Cloud outage June 10th

Summary

On June 10th, 2024, a service degradation occurred on Passbolt Cloud between 4:00 PM and 5:15 PM UTC. This incident resulted in some users experiencing 404 errors and limited or no access to their organization workspace. This incident was triggered by a release performed on the same day that contained some performance improvements that proved to be problematic in conjunction with the underlying auto-scaling service configuration.

Impact

We understand that this service degradation may have disrupted your daily operations, and we sincerely apologize for the inconvenience caused.

Root Cause Analysis

A thorough investigation identified a combination of factors contributing to the incident:

Change of Resource Usage: The deployed applications were experiencing a change in usual resource consumption.
Aggressive Scaling Policy: The recently implemented scaling policy was overly aggressive in resource deallocation.
Cluster Topology: The specific configuration of the underlying cluster exacerbated the resource constraints.

These factors, when combined, triggered a cascading series of failures across various system components, leading to the service degradation.

Resolution

The engineering team promptly rolled back the new release and restarted the underlying services to restore service stability.

Next steps

We are committed to providing a reliable and high-performing cloud service. We will continue to monitor system performance closely and implement new preventive measures.

In that purpose, the following internal actions will take place:

Scaling Policy Review: Our team is actively reviewing and adjusting the scaling policy to ensure optimal resource allocation and prevent future resource contention.
Application Resource Optimization: We are continuing to investigate opportunities to optimize resource utilization within our applications.
Cluster Configuration Analysis: The underlying cluster configuration is being evaluated to identify any potential optimizations that could mitigate similar incidents in the future.

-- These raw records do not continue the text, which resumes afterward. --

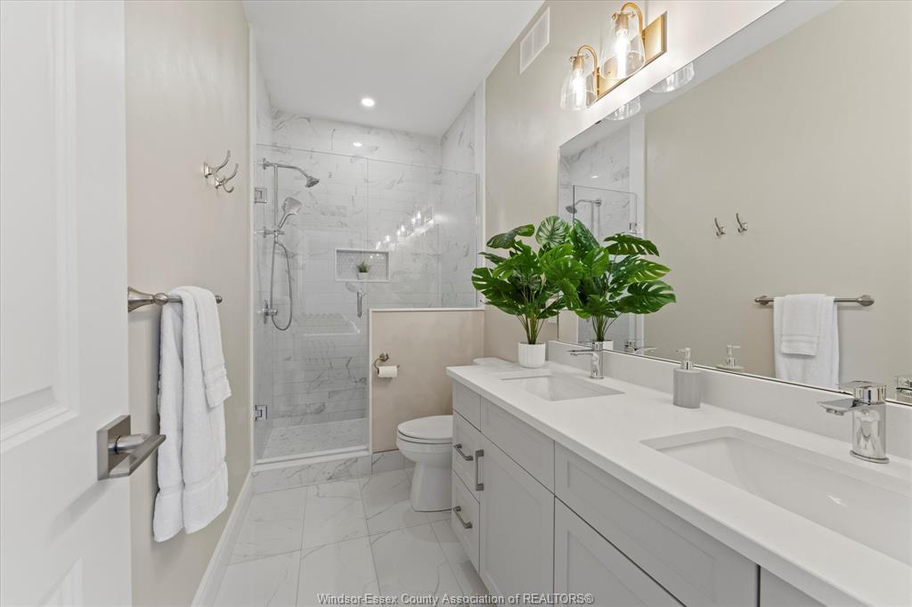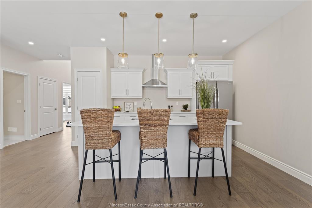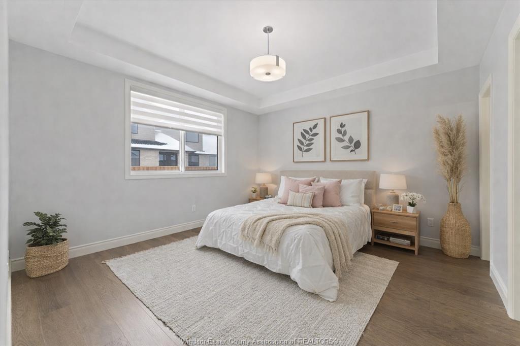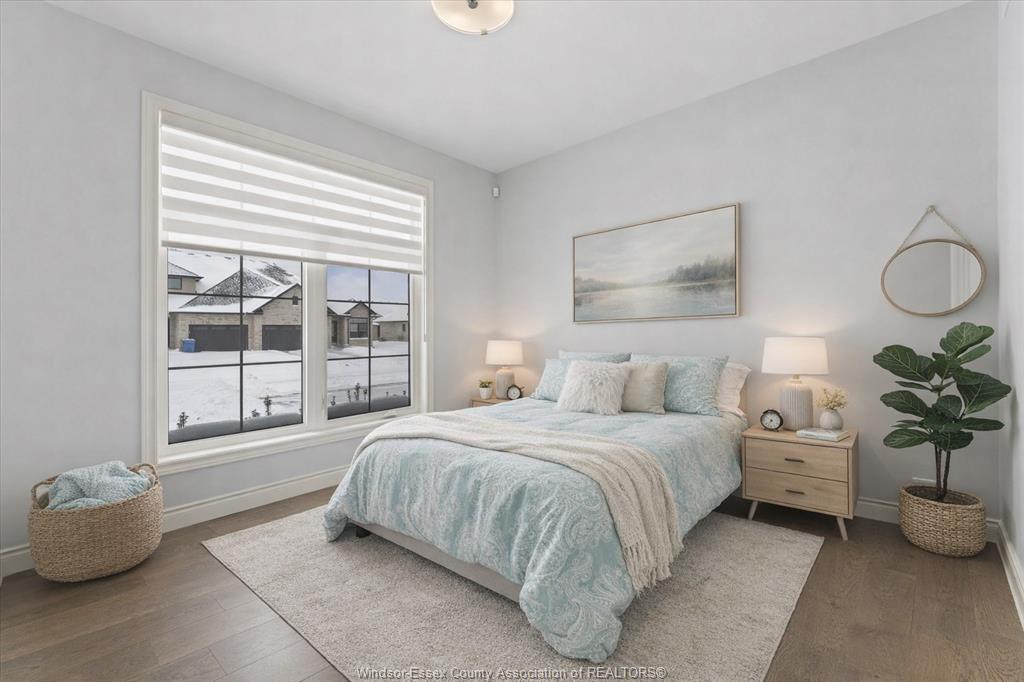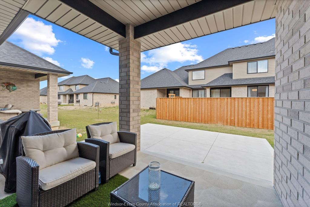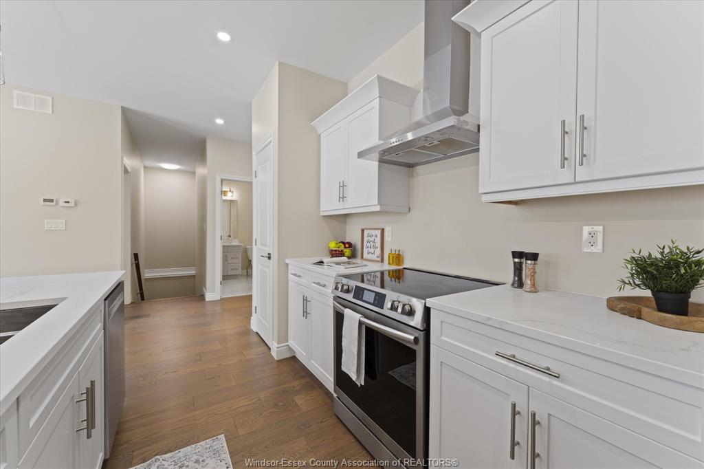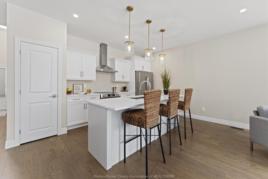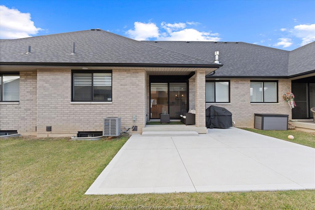 Quality built by everjonge homes, this townhome showcases luxury finishes and 9 ft ceilings!!! This beautifully landscaped, 3-year-new home offers 1,255 sq. Ft. Of thoughtfully designed living space, featuring 2 spacious bedrooms and 2 full bathrooms, including a private ensuite off the primary. Both bedrooms include walk-in closets for added convenience. Enjoy modern finishes throughout, from the bright white kitchen w/ upgraded hardware, quartz countertops and all stainless-steel appliances to the stylish fixtures, cabinetry, flooring and trim. The living room features a cozy gas fireplace w/ custom wood mantle and beautiful hardwood floors, creating a warm, inviting atmosphere. Step outside to both a covered patio and extended open patio with semi-private yard, perfect for relaxing or entertaining. The full basement offers endless potential with a rough-in bath and egress window. Just minutes to historical amherstburg.
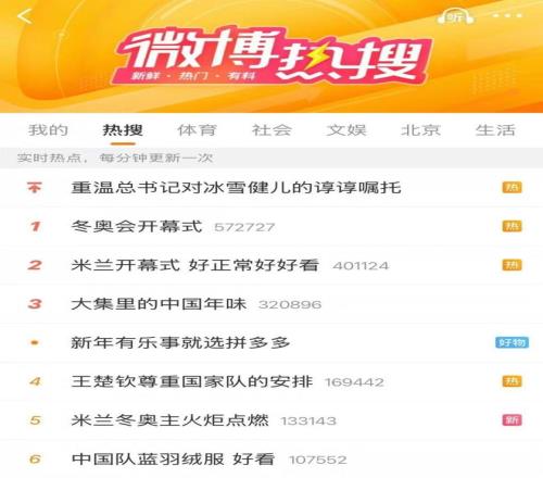 7日上午,“冬奧會(huì)開幕式”和“米蘭開幕式 好正常好好看”“中國(guó)隊(duì)藍(lán)羽絨服 好看”也登上微博熱搜。
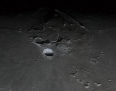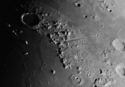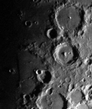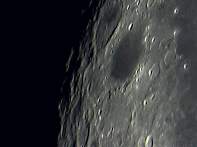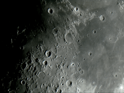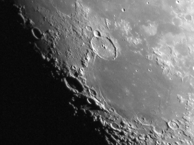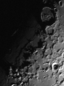 Beginnen wir mit der Beobachtung kurz nach Neumond – also auf der Mondoberfläche von Ost nach West. An der Licht-Schatten Grenze (Terminator) geht die Sonne gerade auf und wirft lange Schatten, die für einen guten Kontrast sorgen. |

Thank you for your patience and understanding.

Timeline

June 10th, 2024:

15:30 CEST: Deployment of a new release that includes performance improvements specific to the cloud.
16:05 CEST: Service degradation began.
16:10 CEST: Service degradation reported by customers and monitoring tools.
16:20 CEST: Incident response team mobilized
16:30 CEST: Incident response team starts rolling back the release
16:45 CEST: Rollback of the release completed
17:10 CEST: Public communication about the incident on public channels
17:15 CEST: Remaining affected components are restored in working state
17:20 CEST: Service is back to nominal performance.
17:40 CEST: End of incident communicated on public channels.

June 11th, 2024:

18:00 CEST: Incident response team investigation ends

June 12th, 2024

12:00 CEST: Incident report published on the website.

Current status:

1. Acknowledge issue with reporter
2. Get a fix/patch prepared
3. Prepare a report about the issue
4. Feature the incident report